3)      Partitioning for specific purposes – tanks can be joined together in different ways. Joining two tanks at the bottom makes them effectively a single tank. The water level in the lowest tank determines the overall capacity of the joined tanks. Joining tanks at the top means one tank overflows into the other. The reserves remain effectively partitioned. We can use this technique to partition a reserve of water for a specific purpose. For example in the new water system design outlined here, we fill through a 1000l tank into the 10,000l Main Tank 1. This means the mains will fill the 1000L tank first and then overflow into the larger tank. This small tank feeds our staff shower, so allows us to limit the amount of water being used by the staff. Also if a tap gets left on or some other miss-hap, we’ll know about it and we also won’t loose a huge amount of water.

 

Map 2: The New System Design In-Situ on the SFEL Site Plan

 

  

 

4)      Connections between tanks to allow partitioning and back-up if required – The vertical positioning of the reservoirs as well as their connections to each other determines how we direct the flow of water between them and the other parts of the system.

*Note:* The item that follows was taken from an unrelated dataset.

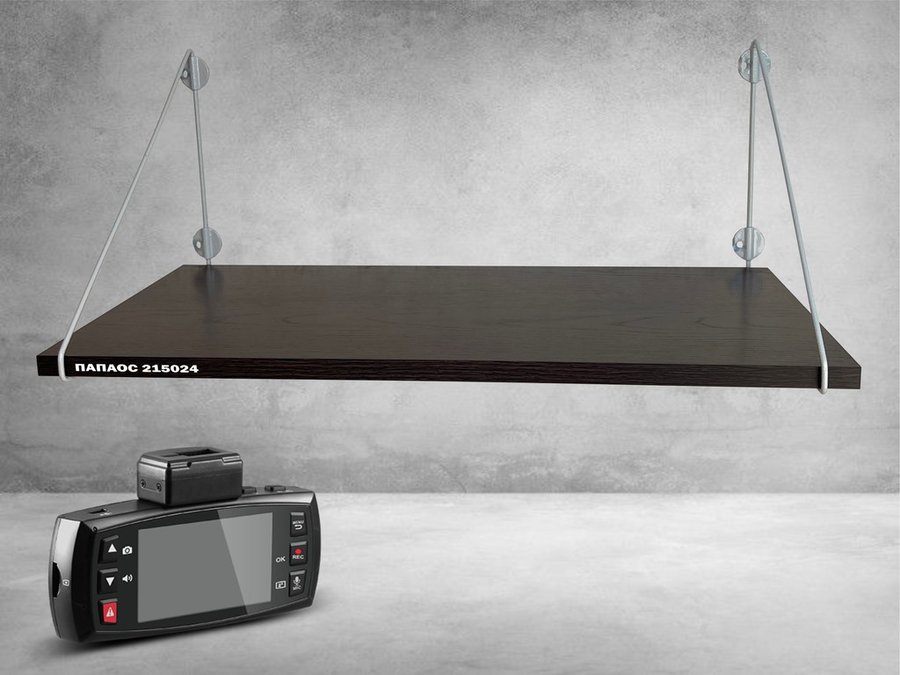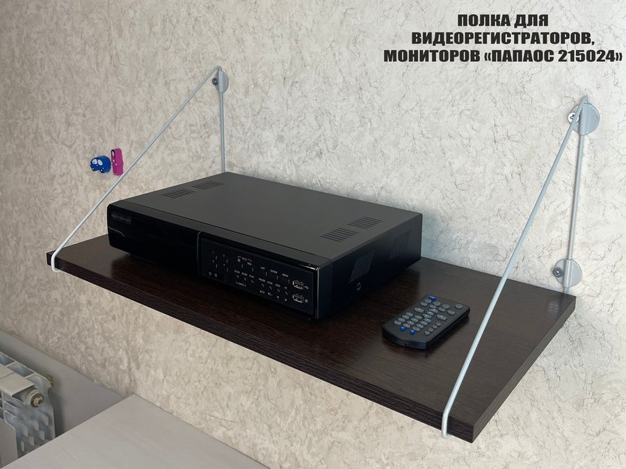 Полка надежно крепится к стене при помощи анкеров или шурупов с дюбелями, на ней можно разместить видеорегистратор, монитор и многое другое
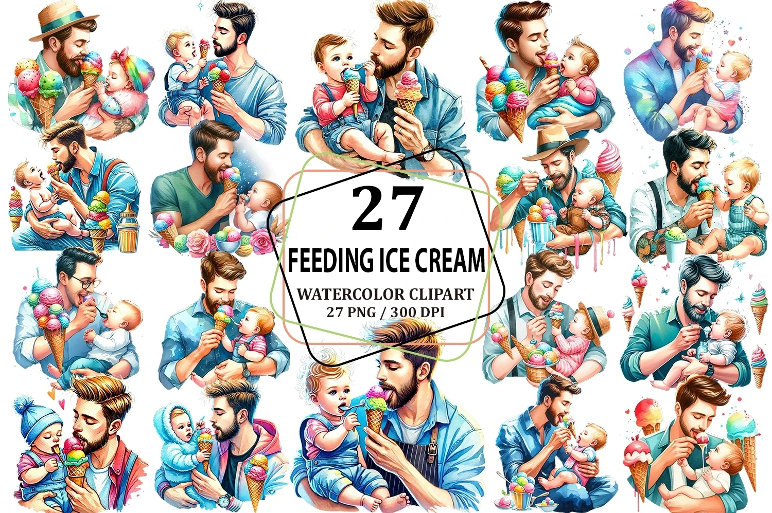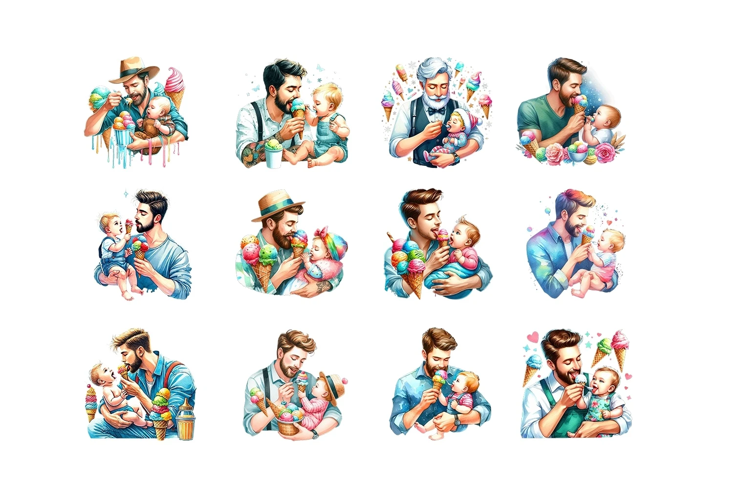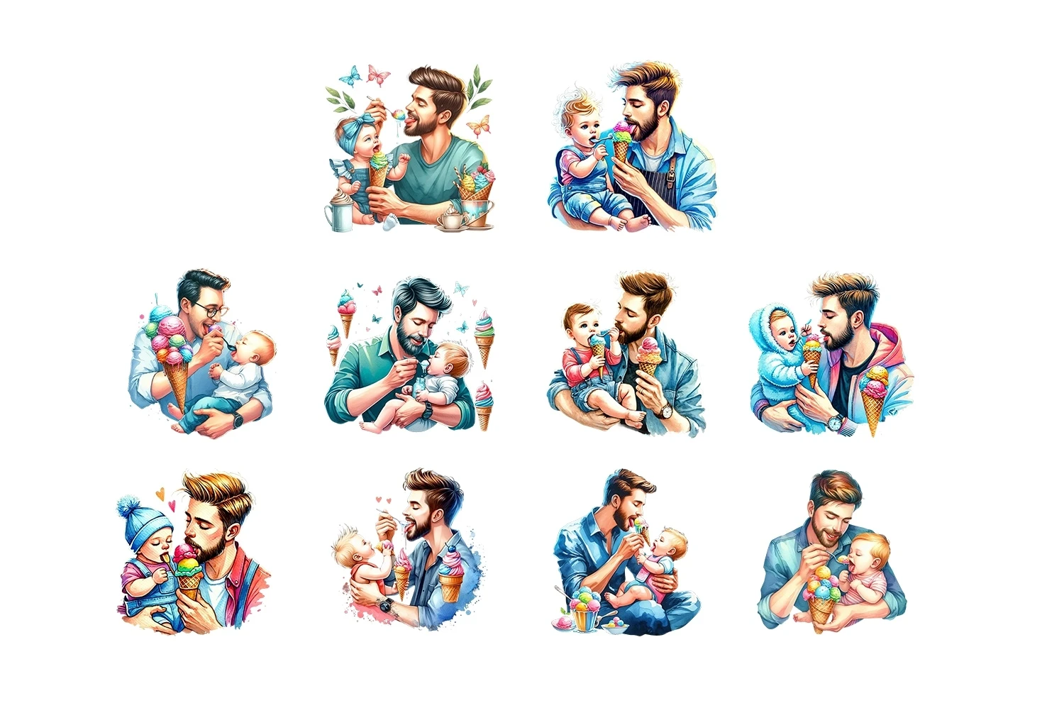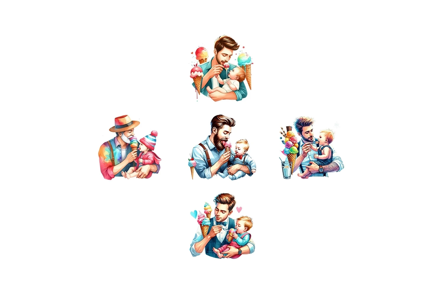 Watercolor Feeding Ice Cream Fathers Day Clipart Sublimation PNG (AI-generated).

Partitioning the reserves is a safety measure, however if part of the system goes dry due to unforeseen circumstances, the best design will give us the opportunity to divert water from one of the other reserves to the empty section. Hence our Main Tank 2, which supplies the garden (the element with the highest water use) can be filled not only direct from the mains but also by a connection from main tank 1, which lies up-hill.

 

5)      Integrating water inflow from roof rain water catchment, via holding tanks and detritus sieves, into the main water system. The main roof catchment surface area on the project is from the kitchen, restaurant, offices and sore (called “the Zone 0 complex” in our project design) which has a total surface area of around 123.5m2. With our annual average rainfall of 800mm we should be able to harvest about 100m3 of water off this roofing per year. Additionally the bakery/woods shed building has a roof area of around 22.5m2 from which we should be able to harvest another 18m3. In the design we have thus placed two 1000l tanks to catch water from the restaurant (36m2) and back kitchen shelter (20m2) roofs respectively. These will have sieves to catch detritus washing off the roofs. The water in these tanks will be used directly in the plate washing area, next to which they are situated. However the overflow will spill into the large Main Tank 2. This is situated next to the bakery/wood shed. It receives water directly from the bakery roof, but also gets the overflow from the two smaller tanks, when the rain is more than the kitchen can use. Main Tank 2 itself then overflows into the small pond situated in the middle of lower Gulley I.

 

6)      Integrating the piped water system with our bulk water harvesting and storage. The small pond itself (as we outlined in our previous article) is used as a bulk water harvester. In the design, it not only receives water from Main Tank 2 but also all the rain water harvested from the main kitchen roof (31.5m2) and the store and offices (36m2). It is also intended to develop our grey water treatment system to be able to discharge effectively treated clean water into this pond, especially during the rainy season. The idea is to pump all the water accumulating here up into a large dam which is situated in upper Gulley I. This dam has been built but needs to be dug out deeper and lined, due to the high permeability of the soil. The dam, with a potential capacity of 200m3 will also receive water from our flood water harvesting system outlined in the previous article. So we plan to fill the dam to capacity over the course of a rainy season, so that it holds enough water to supply the drip Zone 1 drip and nursery requirements for 100 days, which is the main part of the dry season. This will allow us to greatly reduce our reliance on bore water.

 


 

Map 3: Close New System Design in Zone 0 Complex Area

 

 

System Implementation

 

To make implementation as easy and cost effective as possible, we need to make use of the currently existing infrastructure to the maximum possible effect with the least change. The pipes used in the current system for mains distribution, shown in Map 1 (dark blue,) will be re-utilized without removing or adjusting them. They will be used in the new system for secondary distribution, shown in Map 2 (light blue), which is convenient since the existing system already runs to all the usage points. This saves us a lot of work, since the piping is already in position for that purpose, it’s just a question of changing a few connections. The new mains distribution pipe (Map 2, dark blue) needs only to be connected to the water meter and runs directly up to Main Tank 1, at the highest point, with only one side branch at Main Tank 2, which is next to the bakery/wood shed. The only real adjustments to make to the current system are in terms of re-distribution is to extend a connection from the new Main Tank 2 down to the Zone 1 drip system and on into the large tree nursery next the large low-pond in the main gulley.

 

The next part of the water system to consider is the grey water treatment system, which I’ll tell you about in the next report. We are planning to start implanting these systems during our 4-week practical group internship which we will be running at our site in April-May following our PDC course. If you want to learn about designing and implanting systems like these, come along and help us out.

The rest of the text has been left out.